In addition to that whole "education" thing they have going there.

------
ideamonk
College is a big lesson in time-management for me, these days i'm trying to
figure out ways to maximize the time I spend on side projects and work besides
managing good grades at college which eats 12 hrs a day.

Its gradually leading me to a routined life where I plan each day and loads of
sticky notes find their way on my wall :)

hmm... what about learning to collaborate and organize events, we can't do
that so easily, schools and colleges provide excellent opportunity for that!
:)

------
CalmQuiet
Well college _can_ expose you to good communication practices... For example:
remembering to spellcheck or even to proofread -- the latter helping with the
impression you make by adopting conventional presentations (like "business")
rather than idiosyncratic ones (like "businness") -- with possible benefits
for coding as well? ;)

------
jfarmer
Is there a word for when you improperly generalize your personal experience to
the whole human race?

My time at college was excellent for a number of reasons, and where I am today
is a direct result of decisions I made while studying there.

------
trapper
Fuck all education. Start your own business instead of going to preschool

------
jscn
For a guy who is apparently so pro-business, it's instructive to see another
post on his blog about how to pirate books (the post doesn't even involve an
interesting technical aspect, it's just "google for a pdf"). Apparently he is
of the opinion that people should pay him for the product of his business, but
he doen't need to pay other business owners for their products.

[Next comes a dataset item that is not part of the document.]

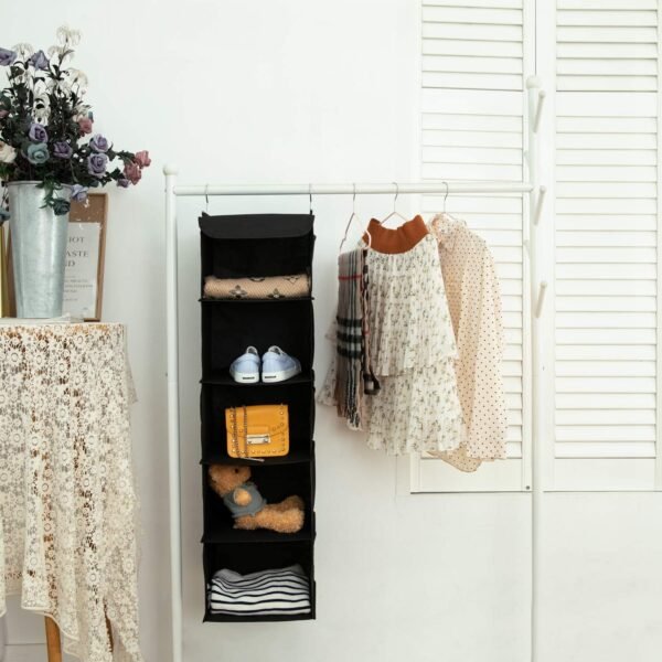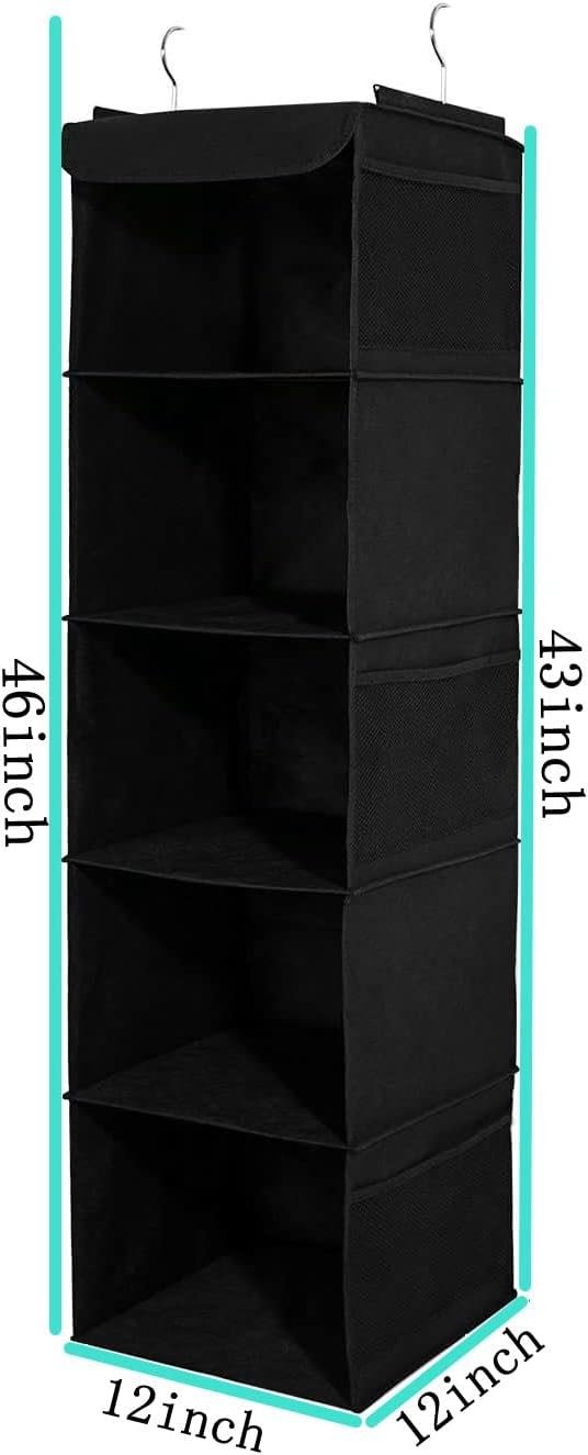 Two-Pack Hanging Storage: Includes 5 fabric shelves and 6 side pockets for organizing clothes, shoes, and accessories.
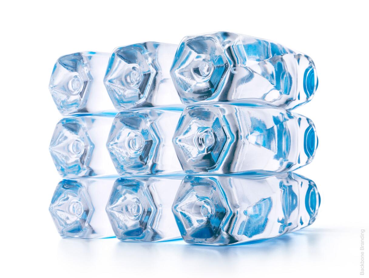 背面标签的蓝色色调与瓶子和谐地融为一体,并且由于光线在水中的折射,使瓶子可见。由于蓝色着色的背面标签,透明标签上的品牌白色徽标变得明显。

Perhaps a little education might have given him the critical thinking skills
to see the problem with this position.

------
ivanzhao
apparently he doesn't know how to REALLY learn in college yet (but it's fairly
tricky nowadays you have to admit)

------
kuvkir
the link doesn't work, redirects to kleko.si :((

------
TweedHeads
I agree. Don't waste time and money in college. Start your own business. But
keep yourself learning all your life. Online, business and management skills.
Offline, social skills, the power of word.

New times we're living, adapt and evolve.